# Product of the Week: Erecta Rack



## Paradigmzz (May 5, 2010)

Just got this in Friday. The Erecta Rack Pro grande edition. Just opened the box and peeked in bag right now. Going to switch styles and try out single side finishing this week on a remodel new kitchen cabinet build we have going. Let yall know my opinion with real time photos as the week progresses.


----------



## Paradigmzz (May 5, 2010)

Peeking in the bag. Not messing with it until I get it over to the job site.


----------



## straight_lines (Oct 17, 2007)

Will be watching you this week.

:shifty:


----------



## Xmark (Apr 15, 2012)

New construction?. I choose not do NC so I don't know when I would use that set-up unless I had some baseboard from a remodel job. It's looks super portable,for sure.


----------



## Paradigmzz (May 5, 2010)

Actually its an old house. Circa 1940s. (Real old here) ripped out a wall and all drywall ripped out existing cabinets and started from the studs back. So when I say New, I mean raw wood. Its a remodel I'm Gcing and painting.


----------



## straight_lines (Oct 17, 2007)

Thomas good to see you getting diversified.


----------



## Paradigmzz (May 5, 2010)

Xmark said:


> New construction?. I choose not do NC so I don't know when I would use that set-up unless I had some baseboard from a remodel job. It's looks super portable,for sure.


We are mostly the same in that aspect but I still do a bunch of remodel cabinetry jobs (stain conversions and color changes) and many times I choose to take doors off and replace hinges or at the very least not paint hinges. Typically I have a super hybrid set up that allows me to shoot both sides at the same time but drying becomes an issue with airborn contamination. (Most painting is done on site and anything from gnats or leaves to dryspray or in one mebers case- puppy dog prints, becomes an issue. ) . How do you do cabinetdoors?


----------



## Paradigmzz (May 5, 2010)

straight_lines said:


> Thomas good to see you getting diversified.

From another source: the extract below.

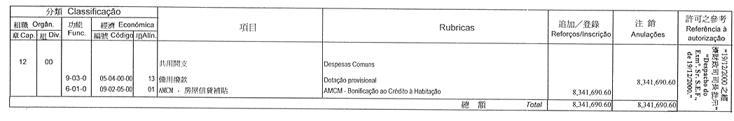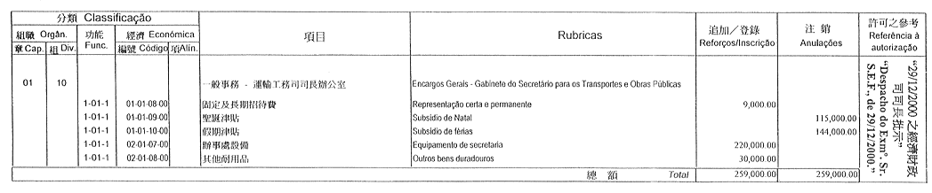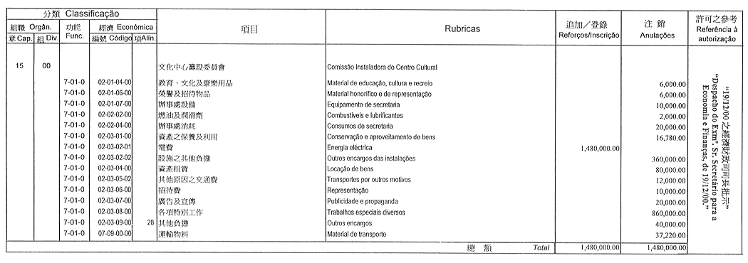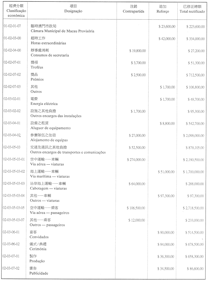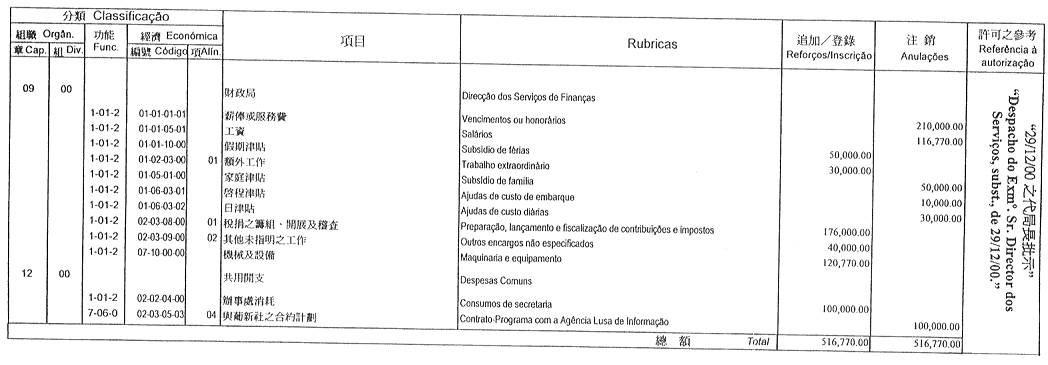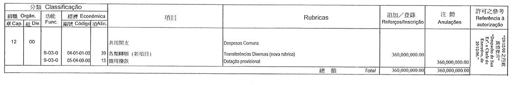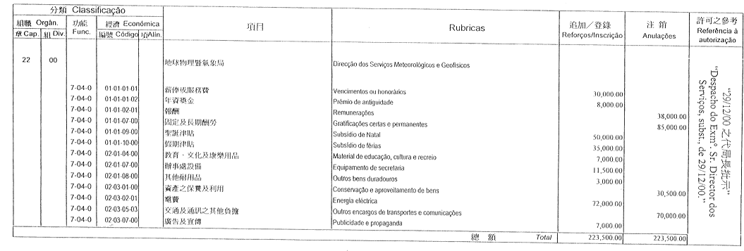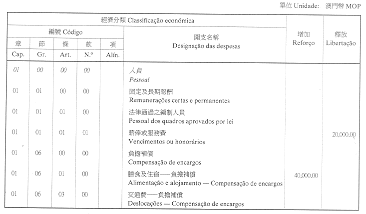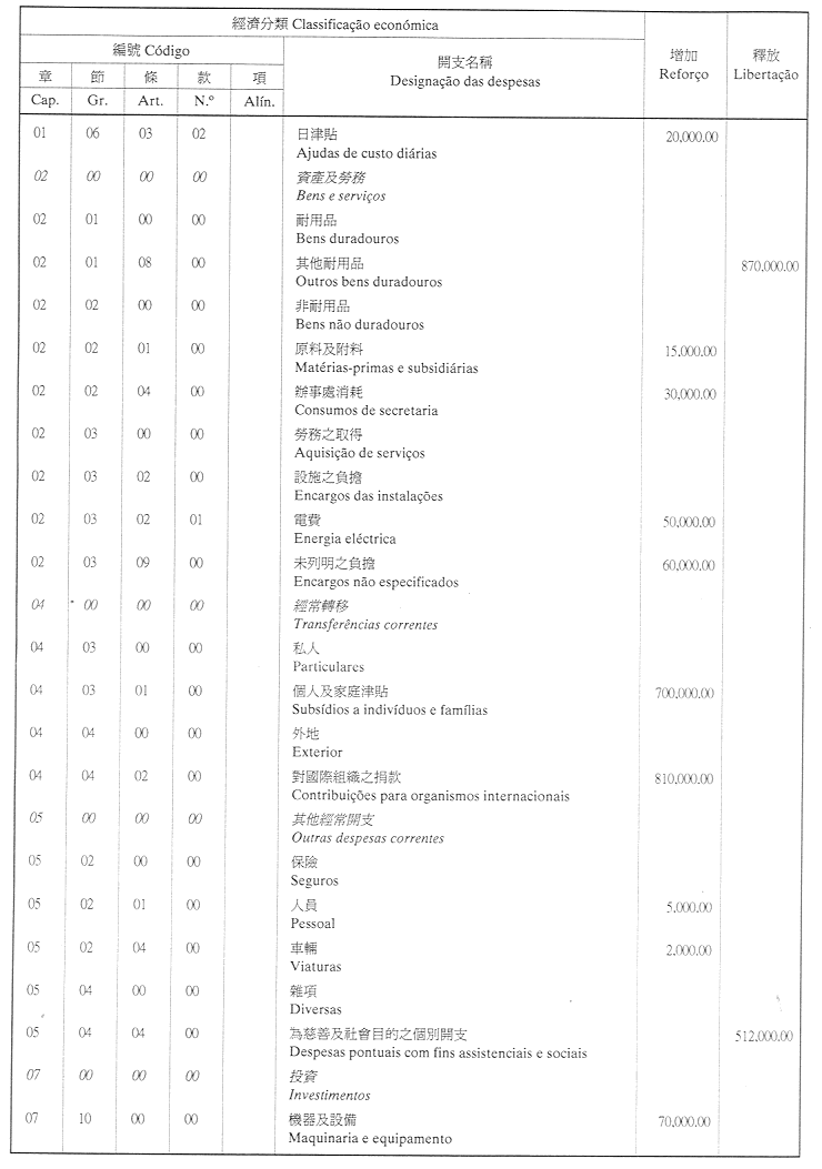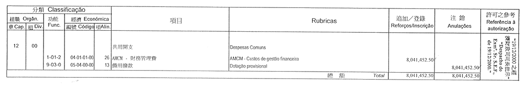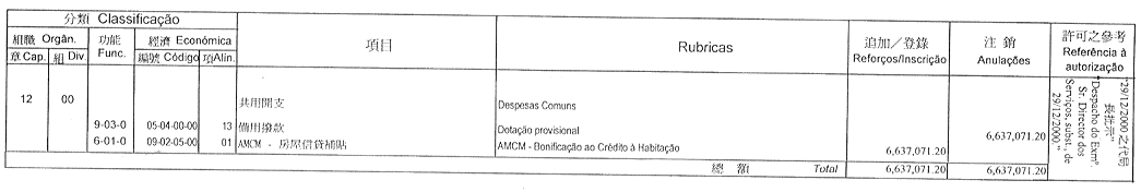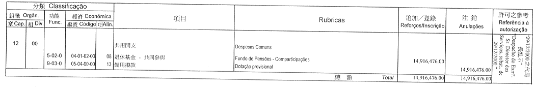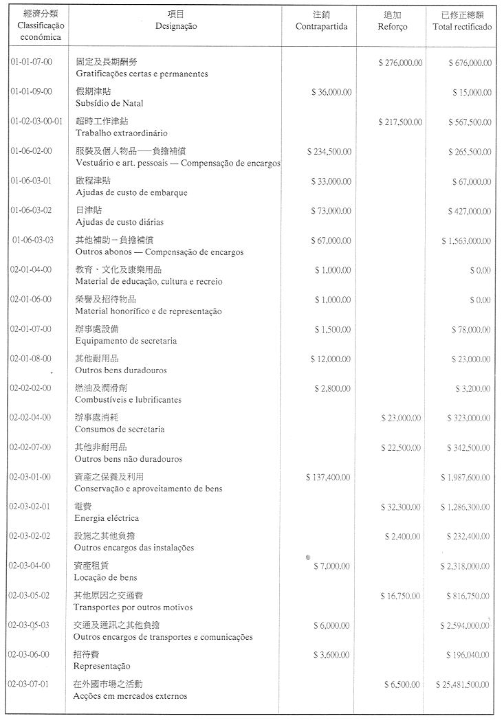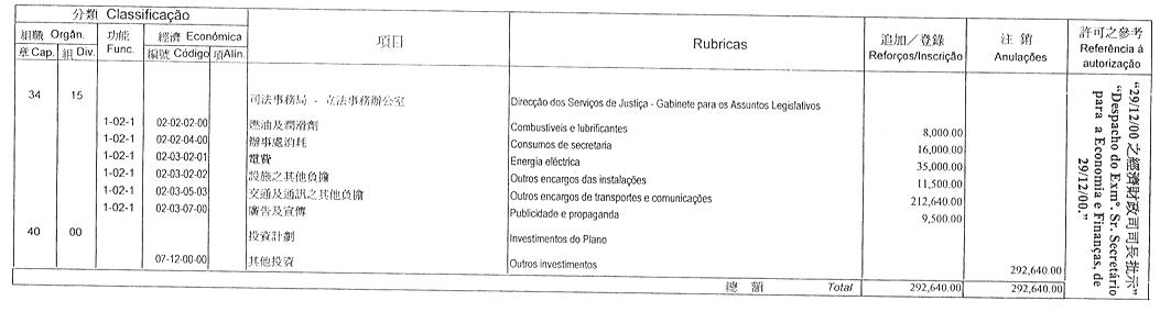根據刊登於《澳門特別行政區公報》第十七期(第二副刊)的四月二十七日第7/2000號法律第十二條規定,對本經濟年度澳門特別行政區財政預算第一章第二組開支功能分類9-03-0經濟分類04-04-00-00-06,項目為“ 經常轉移——外地——澳門特別行政區駐北京辦事處籌設委員會”的整體款項的分配,作出經四月二十七日第22/87/M號法令修訂的十一月二十一日第41/83/M 號法令第二十一條規定所核准的修改,茲公布如下:

I always have been. I just don't mention it much. My focus is paint and fluid applieds, but you become more in demand when you can offer more. It helps to have a good network of solid contractors that you know and trust.


----------



## straight_lines (Oct 17, 2007)

Its key isn't it. Knowing who to call, and knowing they will perform to what is mutually expected is what its all about.


----------



## Paradigmzz (May 5, 2010)

Erecta rack needs to call me. I have a modification that will make thing way more usable. Its great except it couldbt keep up with me. Seriously, if Erecta rack wants a money making venture, call me.


----------



## Paradigmzz (May 5, 2010)

Pro double set rack in use


----------



## Paradigmzz (May 5, 2010)

What about these? No room....


----------



## Paradigmzz (May 5, 2010)

Or these....


----------



## READY TO ROLL (Dec 12, 2011)

Paradigmzz said:


> Pro double set rack in use
> 
> View attachment 18062


Hope the sprinklers don't come on.


----------



## Erecta-Rack (Jun 5, 2013)

Paradigmzz said:


> Erecta rack needs to call me. I have a modification that will make thing way more usable. Its great except it couldbt keep up with me. Seriously, if Erecta rack wants a money making venture, call me.


We are always looking for feedback so please PM me when you get a chance. Thanks!


----------



## TERRY365PAINTER (Jul 26, 2009)

I love my set.
just keep track of the blocks.
easy to loose. 2 sets would cover any cabinet job.


----------